Each photo passed by in a blur as Jones Miller scrolled throughhisInstagram feed. Him. Warren Cox. The man she was certain she was going to marry just three months ago. A certainty built more on inertia than romance, but a certainty, nonetheless. She had been wiped from his page like she had never existed. Five years’ worth of anniversary posts gone in what felt like an overnight erasure. Quickly replaced by a blond-haired, blue-eyed debutante who had a toothy smile and a pronounced mole above the left corner of her stained red lips.

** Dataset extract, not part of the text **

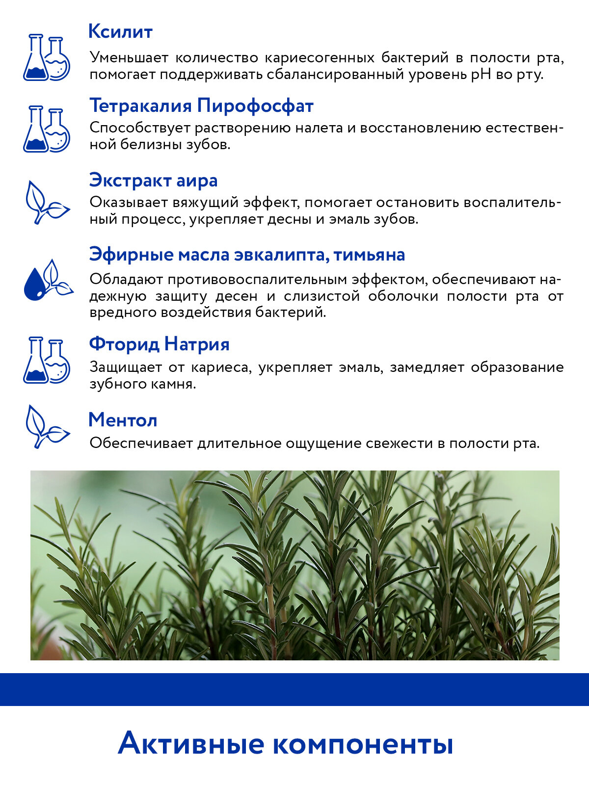 | Дополнительная информация | Ксилит – уменьшает количество кариесогенных бактерий в полости рта, помогает поддерживать сбалансированный уровень рН во рту. Тетракалия Пирофосфат – способствует растворению налета и восстановлению естественной белизны зубов. Фитоактивный комплекс – обладет успокаивающим, смягчающим, восстанавливающим, тонизирующим и противовоспалительным действием, оказывает укрепляющее и успокаивающее действия на десны. Эфирное масло мяты – обладает успокаивающими свойствами. Фторид Натрия – защищает от кариеса, укрепляет эмаль, замедляет образование зубного камня. Ментол – обеспечивает длительное ощущение свежести в полости рта. |

Jones zoomed in on the diamond ring taking over his most recent photo. Smiling faces and a balloon arch announcing their engagement. An acidic taste crowded the back of Jones’s tongue as she read through the comments of ex-friends who had chosen Warren in the split. Even the friends who had been hers first, their solo to shared custody breaking apart in the wrong direction.

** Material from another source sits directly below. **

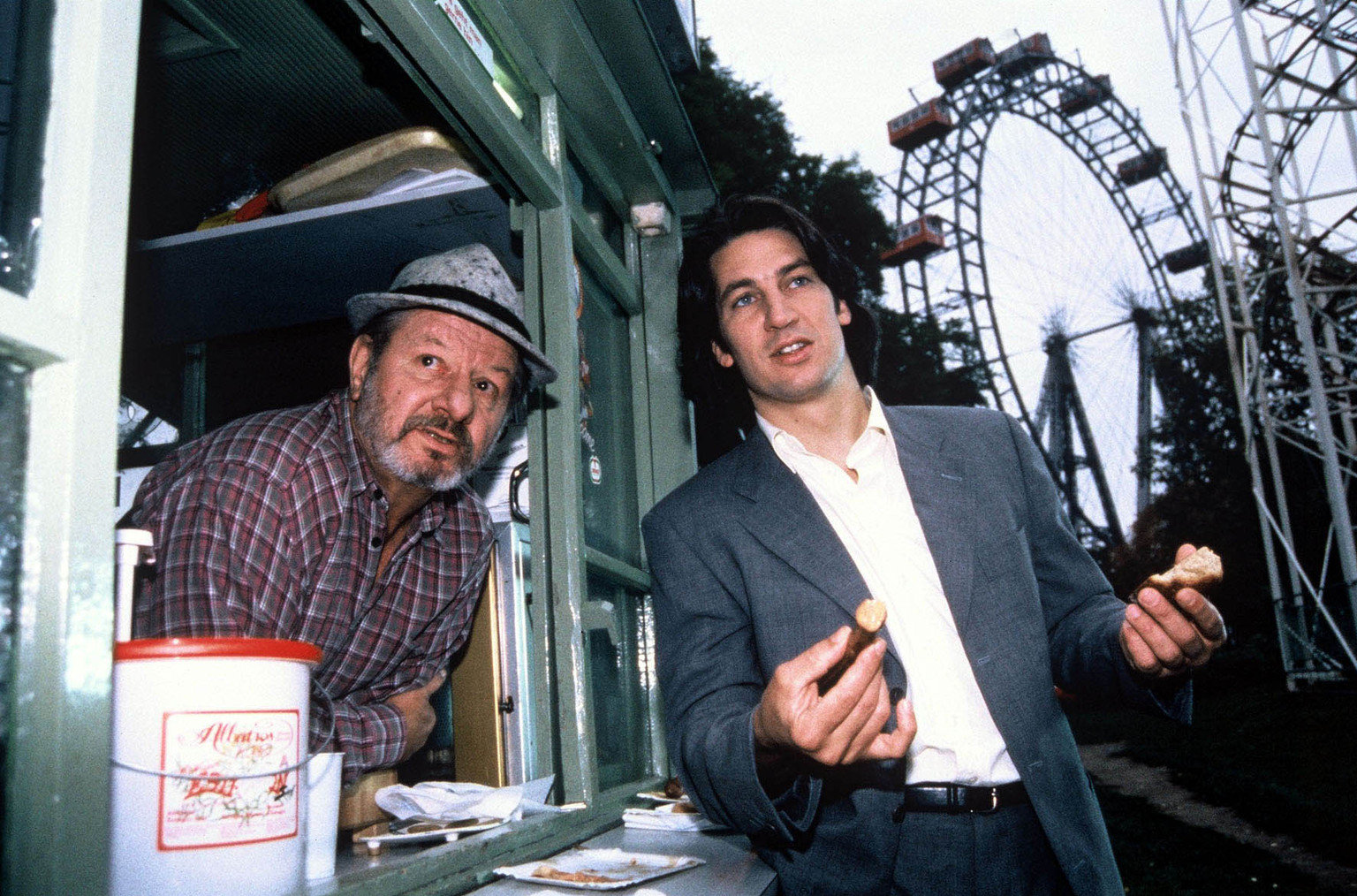 Die Tote von SchönbrunnWie so oft, wenn Kommissar Moser (Tobias Moretti, r.) bei seinen Recherchen in eine Sackgasse geraten ist, genehmigt er sich erst einmal einen Snack an seinem Lieblings-Würstelstand im Prater. Der Würstelmann (Heinz Petters, l.) gibt ihm manchmal wertvolle Tipps und auch Rex ist diesem Abstecher nie abgeneigt ...Bild: © Sat.1 Eigenproduktionsbild frei

The door to the small room snapped open. Jones ducked her head on instinct. She was usually the only person in the Reserves Room, the small collection of textbooks set aside for law students like her who couldn’t afford books that cost as much as her rent to serve as a doorstop for nine months. This was one of the few times Jones wished she still had her locs instead of the buzz cut she now donned instead. Locs were much easier to hide behind, even if it was the kind of hairstyle that stole attention and curious eyes. Sometimes even the curious, and disrespectful, touch.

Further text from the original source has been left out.